Excerpted data section start

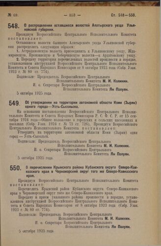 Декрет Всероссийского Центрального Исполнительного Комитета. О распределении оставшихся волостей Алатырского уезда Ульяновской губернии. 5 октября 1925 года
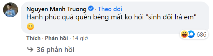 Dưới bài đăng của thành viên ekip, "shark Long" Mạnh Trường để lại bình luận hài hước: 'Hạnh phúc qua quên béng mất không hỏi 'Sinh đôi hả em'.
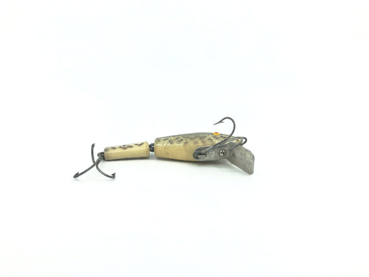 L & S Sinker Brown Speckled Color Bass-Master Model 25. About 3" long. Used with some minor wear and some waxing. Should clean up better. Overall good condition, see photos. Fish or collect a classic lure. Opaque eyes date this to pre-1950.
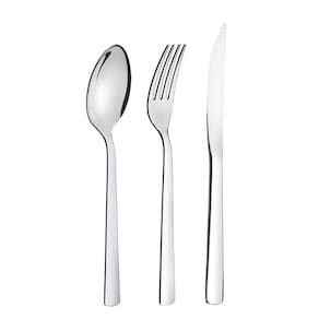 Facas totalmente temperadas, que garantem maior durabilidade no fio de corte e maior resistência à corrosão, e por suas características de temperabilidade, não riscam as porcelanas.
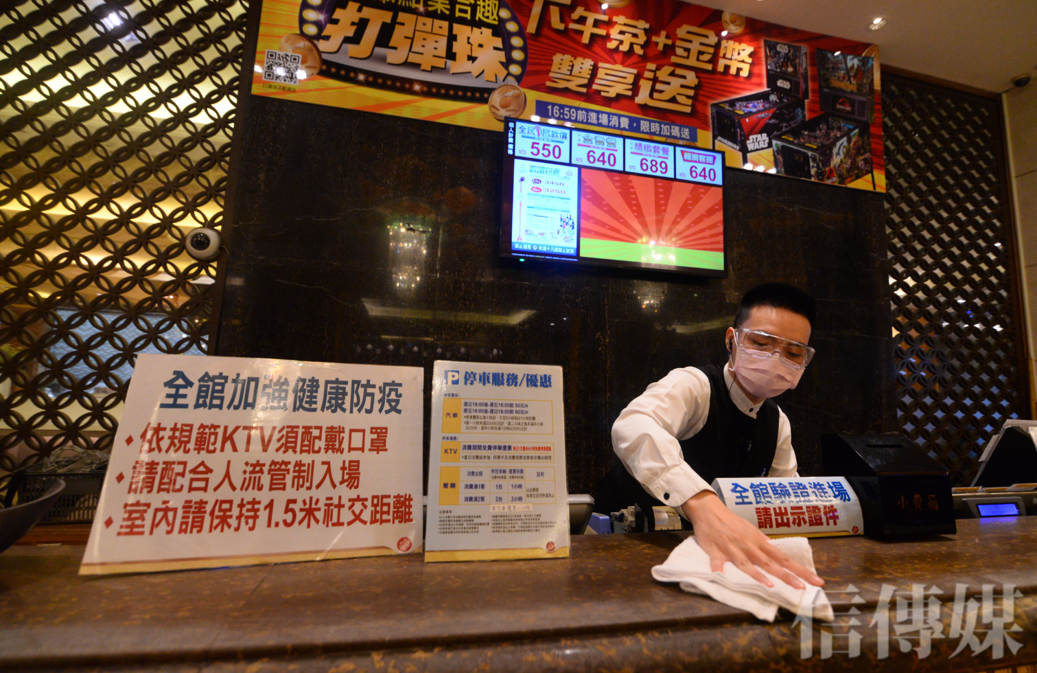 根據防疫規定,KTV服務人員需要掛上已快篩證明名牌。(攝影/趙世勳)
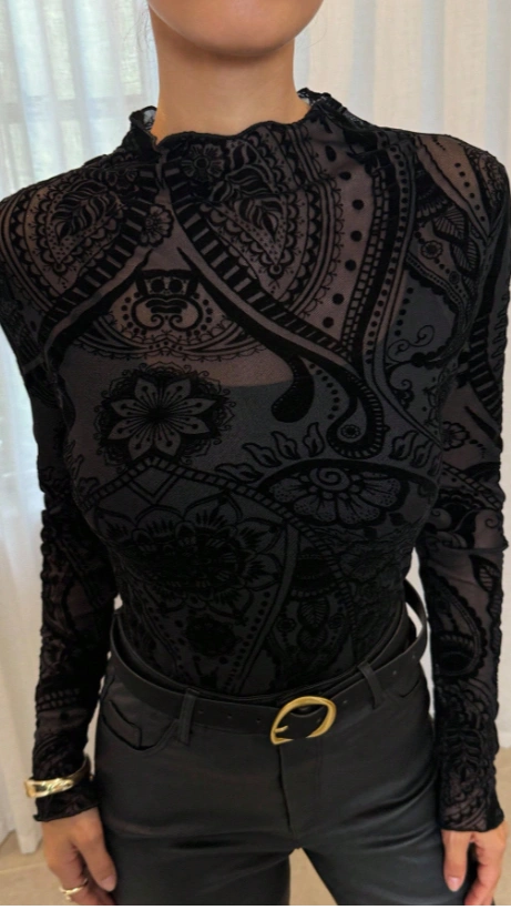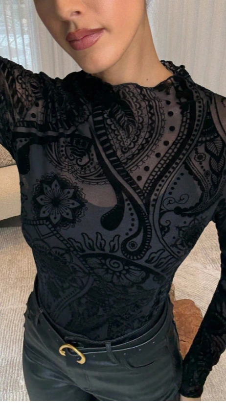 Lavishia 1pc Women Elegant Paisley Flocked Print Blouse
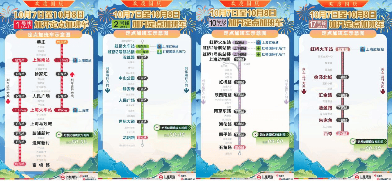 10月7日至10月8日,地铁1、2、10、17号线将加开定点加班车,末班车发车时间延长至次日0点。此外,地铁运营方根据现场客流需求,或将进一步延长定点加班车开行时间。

Excerpted data section end

All lines from the one containing "L & S Sinker" through the final line of the records are to be retyped exactly; no other lines and no pictures are to be included.

Written response ▸
 L & S Sinker Brown Speckled Color Bass-Master Model 25. About 3" long. Used with some minor wear and some waxing. Should clean up better. Overall good condition, see photos. Fish or collect a classic lure. Opaque eyes date this to pre-1950.
 Facas totalmente temperadas, que garantem maior durabilidade no fio de corte e maior resistência à corrosão, e por suas características de temperabilidade, não riscam as porcelanas.
 根據防疫規定,KTV服務人員需要掛上已快篩證明名牌。(攝影/趙世勳)
 Lavishia 1pc Women Elegant Paisley Flocked Print Blouse
 10月7日至10月8日,地铁1、2、10、17号线将加开定点加班车,末班车发车时间延长至次日0点。此外,地铁运营方根据现场客流需求,或将进一步延长定点加班车开行时间。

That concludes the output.